Control of silver-polymer aggregation mechanism by primary particle spatial correlations in dynamic fractal-like geometry

TL;DR

This study investigates how the spatial correlations of primary silver nanoparticles within a fractal-like polymer matrix influence their aggregation mechanism and resulting nanostructure morphology, using in situ scattering measurements.

Contribution

It reveals the role of primary particle spatial correlations and dynamic fractal geometry in controlling silver nanoparticle aggregation mechanisms.

Findings

Signatures of nucleation, growth, and assembly of primary particles identified.

Reaction temperature influences crystalline morphology.

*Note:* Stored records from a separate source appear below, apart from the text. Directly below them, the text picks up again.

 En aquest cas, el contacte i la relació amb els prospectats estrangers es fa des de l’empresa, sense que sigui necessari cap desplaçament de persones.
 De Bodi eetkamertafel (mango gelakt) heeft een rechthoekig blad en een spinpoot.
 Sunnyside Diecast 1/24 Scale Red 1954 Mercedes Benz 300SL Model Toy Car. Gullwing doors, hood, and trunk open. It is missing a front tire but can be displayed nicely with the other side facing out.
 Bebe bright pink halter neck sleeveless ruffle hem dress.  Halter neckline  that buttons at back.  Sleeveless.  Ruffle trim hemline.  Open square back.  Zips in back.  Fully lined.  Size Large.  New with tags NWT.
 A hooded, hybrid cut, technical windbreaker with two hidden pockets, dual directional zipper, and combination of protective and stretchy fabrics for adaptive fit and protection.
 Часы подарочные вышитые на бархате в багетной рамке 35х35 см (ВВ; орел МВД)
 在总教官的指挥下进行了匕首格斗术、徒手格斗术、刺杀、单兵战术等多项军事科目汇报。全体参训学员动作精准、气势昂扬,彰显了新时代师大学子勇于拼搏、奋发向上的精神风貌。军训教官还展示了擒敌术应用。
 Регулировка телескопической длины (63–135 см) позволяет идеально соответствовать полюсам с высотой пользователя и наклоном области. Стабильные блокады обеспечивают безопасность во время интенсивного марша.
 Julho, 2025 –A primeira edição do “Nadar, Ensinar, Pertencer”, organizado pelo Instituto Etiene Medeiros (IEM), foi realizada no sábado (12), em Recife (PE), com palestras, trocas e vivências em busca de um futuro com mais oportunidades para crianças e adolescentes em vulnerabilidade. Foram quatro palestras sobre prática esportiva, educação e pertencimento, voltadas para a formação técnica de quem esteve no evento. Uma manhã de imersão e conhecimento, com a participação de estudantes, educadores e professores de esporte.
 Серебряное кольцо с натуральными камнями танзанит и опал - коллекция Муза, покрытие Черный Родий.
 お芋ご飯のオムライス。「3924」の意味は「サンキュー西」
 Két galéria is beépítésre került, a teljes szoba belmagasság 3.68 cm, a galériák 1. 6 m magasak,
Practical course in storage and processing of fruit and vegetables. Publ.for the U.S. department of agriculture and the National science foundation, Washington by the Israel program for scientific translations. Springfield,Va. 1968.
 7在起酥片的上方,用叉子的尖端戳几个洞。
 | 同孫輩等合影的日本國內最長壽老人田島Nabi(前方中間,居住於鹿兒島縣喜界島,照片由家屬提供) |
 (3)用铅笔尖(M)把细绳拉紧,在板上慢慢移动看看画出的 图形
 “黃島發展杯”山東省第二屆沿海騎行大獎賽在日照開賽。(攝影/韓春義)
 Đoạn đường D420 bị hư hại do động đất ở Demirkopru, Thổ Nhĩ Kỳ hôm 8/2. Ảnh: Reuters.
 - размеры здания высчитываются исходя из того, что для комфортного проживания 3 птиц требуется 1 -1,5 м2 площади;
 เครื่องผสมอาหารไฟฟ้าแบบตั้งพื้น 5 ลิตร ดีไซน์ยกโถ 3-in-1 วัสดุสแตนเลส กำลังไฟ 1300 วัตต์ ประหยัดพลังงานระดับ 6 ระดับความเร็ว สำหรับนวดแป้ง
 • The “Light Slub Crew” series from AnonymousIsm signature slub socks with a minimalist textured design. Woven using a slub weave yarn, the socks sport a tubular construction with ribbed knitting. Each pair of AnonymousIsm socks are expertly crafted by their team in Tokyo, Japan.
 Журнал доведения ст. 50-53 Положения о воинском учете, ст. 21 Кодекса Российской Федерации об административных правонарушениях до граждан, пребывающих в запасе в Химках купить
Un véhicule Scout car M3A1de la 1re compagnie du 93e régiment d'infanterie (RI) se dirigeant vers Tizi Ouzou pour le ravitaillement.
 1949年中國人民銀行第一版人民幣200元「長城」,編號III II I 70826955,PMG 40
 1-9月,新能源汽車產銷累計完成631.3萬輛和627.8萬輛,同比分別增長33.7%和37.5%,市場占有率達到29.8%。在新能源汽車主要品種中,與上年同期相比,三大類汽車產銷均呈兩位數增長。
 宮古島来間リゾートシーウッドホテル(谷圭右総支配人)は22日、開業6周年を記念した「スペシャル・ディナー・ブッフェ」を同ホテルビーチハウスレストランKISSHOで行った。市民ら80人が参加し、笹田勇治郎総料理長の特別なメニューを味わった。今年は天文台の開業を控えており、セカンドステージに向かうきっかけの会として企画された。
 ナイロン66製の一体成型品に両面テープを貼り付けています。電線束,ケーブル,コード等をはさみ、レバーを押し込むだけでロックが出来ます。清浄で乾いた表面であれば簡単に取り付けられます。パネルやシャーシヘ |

Spatial correlations affect aggregation and nanostructure formation.

Abstract

Silver nanocrystals have been prepared by reacting silver nitrate with ascorbic acid in aqueous solution containing a low concentration of a commercial polynaphtalene sulphonate polymer (Daxad 19). Various crystalline morphologies have been obtained simply by tuning the reaction temperature. We have investigated the nanoparticle formation mechanism at three different temperatures by in situ and time resolved Small Angle X ray Scattering measurements. By modeling the scattering intensity with interacting spherical particles in a fractal-like polymer-Ag matrix, we found signatures of nucleation, growth and assembly of primary particles of about 15-20 nm. We observed how the time evolution of both spatial correlations between primary particles and the dynamic fractal geometry of the polymer-Ag matrix could influence and determine both the aggregation mechanism and the morphology of forming nanostructures in solution.